Your copy should match the records exactly, except that it contains no pictures.

Data items
^^^^

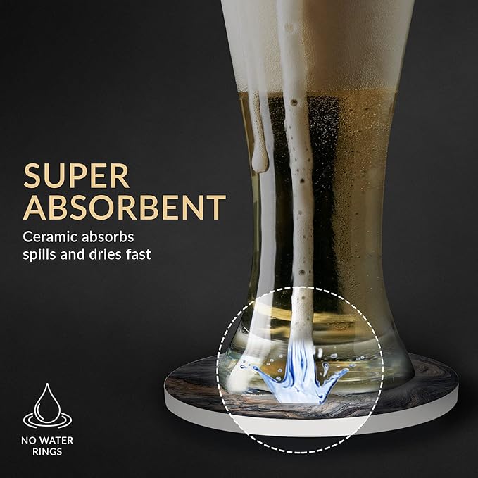 Emerson Coasters for Drinks Absorbent – Natural Stone Drink Coasters Set with Holder, Coasters for Coffee Table, Wooden Tabletop Protection Marble Style – 100% Heavy Duty Set of 6 (Magma)
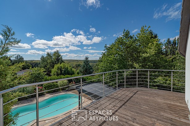 A landscaped driveway leads to the single-story entrance of the house. As soon as you cross the threshold, your gaze is captivated by a vast living room of over 100 m2 bathed in natural light. The interior architecture is distinguished by a cathedral ceiling that gives a feeling of openness and grandeur. The living room, warmed by a wood-burning stove, opens onto a German-quality fitted kitchen. This welcoming reception area extends naturally onto the terrace and pool. An office, located on a suspended mezzanine, offers breathtaking views of the surrounding greenery. The property has three bedrooms, including a master suite with a dressing room, bathroom, and private balcony. One bedroom has its own shower room, and a third bedroom also has its own dedicated shower room. To complete the functionality of this home, there is also a laundry room, a cellar, and a double garage accessible from the entrance.
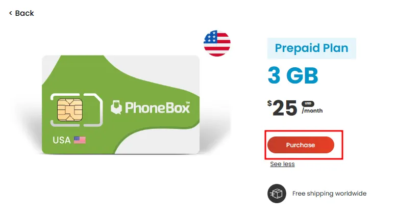 다시 한번 요금제를 확인하시고 Purchase 버튼을 눌러주세요.
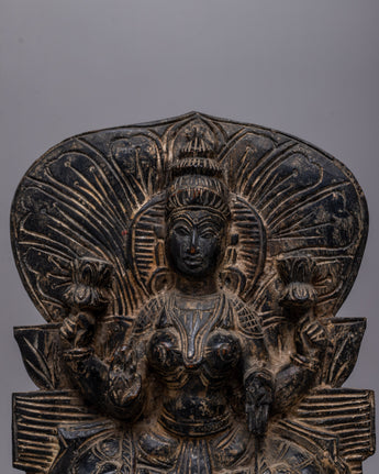 Laxmi is primarily known as the Hindu Deity. But she is also highly revered in Tibetan Buddhism. Laxmi is mainly recognized as a Hindu deity. She is, however, also held in great regard in Tibetan Buddhism. She is also known as Pal Lhamo (Shri Lakshmi). She is said to be a peaceful manifestation of Shri Devi Dudsolma, the primary female guardian of Tibetan Buddhism and Lhasa, Tibet. She is not the same thing as Shri Devi Magzor Gyalmo, the angry manifestation of Sarasvati, who rides a mule and has one face and two arms. The artwork of Shri Lakshmi is often associated with the Gelug Tradition of Tibetan Buddhism and is anticipated to have appeared after the 17th century. Laxmi is known as Lakshmi, Mahalakshmi, Padmavati, Shri, and Bhoodevi, among other titles. She is one of the feminine cosmic energy's aspects, symbolizing the 'rajas' or phenomenal universe's element of fertility, richness, prosperity, wealth, brilliance, and beauty.
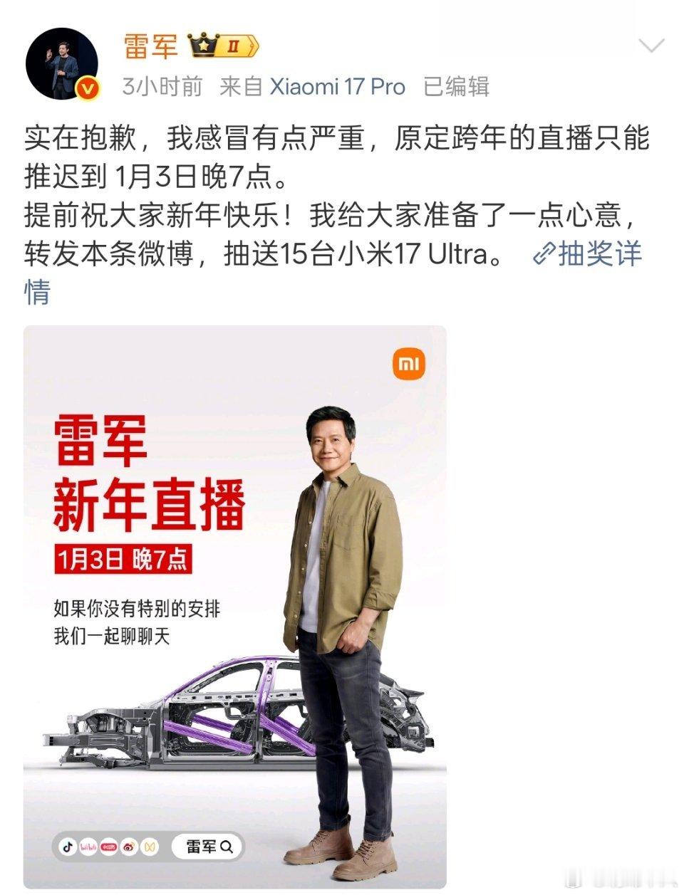 原定今晚举行的雷军跨年直播,因雷总本人感冒,推迟至1月3号晚上进行。
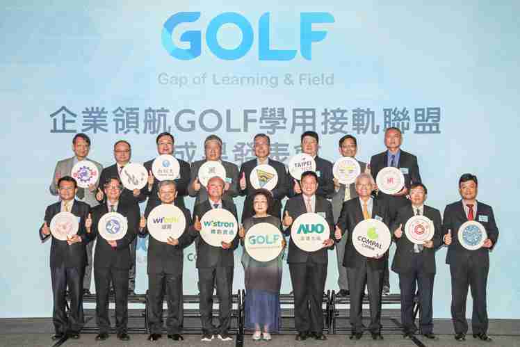 GOLF学用接轨联盟集结企业和学校的力量,,,打造「学用合一、、产学接轨」的创新合作平台 (前排左起:淡江大学副校长何启东、、、元智大学校长林启瑞、、纬育执行长许延岳、、、纬创总经理暨执行长黄柏漙、、、、教育部政务次长范巽绿、、、、开云电子董事长暨执行长彭双浪、、、、仁宝总经理暨执行长翁宗斌、、大同大学校长何明果、、、、圣约翰科大校长艾和昌;后排左起:明新科大校长林启瑞、、、龙华科大校长葛自祥、、、、台湾科大校长廖庆荣、、、、中兴大学副校长郑政峯、、、中央大学校长周景扬、、台北科大副校长任贻均、、中华科大副校长石大明、、明志科大校长刘祖华)
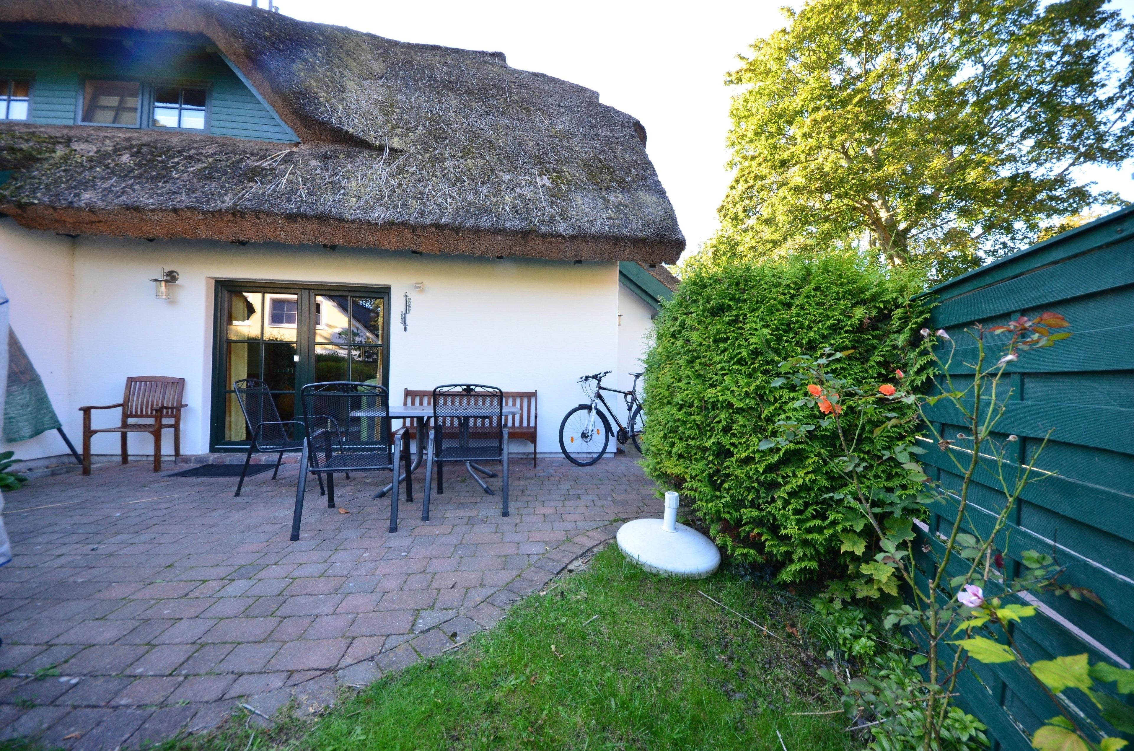 Das Haus hat einen eigenen separaten Eingang, einen kleinen Garten mit Terrasse, Gartenmöbeln und Strandkorb.

^^^^

» TASK RESULT
 Emerson Coasters for Drinks Absorbent – Natural Stone Drink Coasters Set with Holder, Coasters for Coffee Table, Wooden Tabletop Protection Marble Style – 100% Heavy Duty Set of 6 (Magma)
 A landscaped driveway leads to the single-story entrance of the house. As soon as you cross the threshold, your gaze is captivated by a vast living room of over 100 m2 bathed in natural light. The interior architecture is distinguished by a cathedral ceiling that gives a feeling of openness and grandeur. The living room, warmed by a wood-burning stove, opens onto a German-quality fitted kitchen. This welcoming reception area extends naturally onto the terrace and pool. An office, located on a suspended mezzanine, offers breathtaking views of the surrounding greenery. The property has three bedrooms, including a master suite with a dressing room, bathroom, and private balcony. One bedroom has its own shower room, and a third bedroom also has its own dedicated shower room. To complete the functionality of this home, there is also a laundry room, a cellar, and a double garage accessible from the entrance.
 다시 한번 요금제를 확인하시고 Purchase 버튼을 눌러주세요.
 Laxmi is primarily known as the Hindu Deity. But she is also highly revered in Tibetan Buddhism. Laxmi is mainly recognized as a Hindu deity. She is, however, also held in great regard in Tibetan Buddhism. She is also known as Pal Lhamo (Shri Lakshmi). She is said to be a peaceful manifestation of Shri Devi Dudsolma, the primary female guardian of Tibetan Buddhism and Lhasa, Tibet. She is not the same thing as Shri Devi Magzor Gyalmo, the angry manifestation of Sarasvati, who rides a mule and has one face and two arms. The artwork of Shri Lakshmi is often associated with the Gelug Tradition of Tibetan Buddhism and is anticipated to have appeared after the 17th century. Laxmi is known as Lakshmi, Mahalakshmi, Padmavati, Shri, and Bhoodevi, among other titles. She is one of the feminine cosmic energy's aspects, symbolizing the 'rajas' or phenomenal universe's element of fertility, richness, prosperity, wealth, brilliance, and beauty.
 原定今晚举行的雷军跨年直播,因雷总本人感冒,推迟至1月3号晚上进行。
 GOLF学用接轨联盟集结企业和学校的力量,,,打造「学用合一、、产学接轨」的创新合作平台 (前排左起:淡江大学副校长何启东、、、元智大学校长林启瑞、、纬育执行长许延岳、、、纬创总经理暨执行长黄柏漙、、、、教育部政务次长范巽绿、、、、开云电子董事长暨执行长彭双浪、、、、仁宝总经理暨执行长翁宗斌、、大同大学校长何明果、、、、圣约翰科大校长艾和昌;后排左起:明新科大校长林启瑞、、、龙华科大校长葛自祥、、、、台湾科大校长廖庆荣、、、、中兴大学副校长郑政峯、、、中央大学校长周景扬、、台北科大副校长任贻均、、中华科大副校长石大明、、明志科大校长刘祖华)
 Das Haus hat einen eigenen separaten Eingang, einen kleinen Garten mit Terrasse, Gartenmöbeln und Strandkorb.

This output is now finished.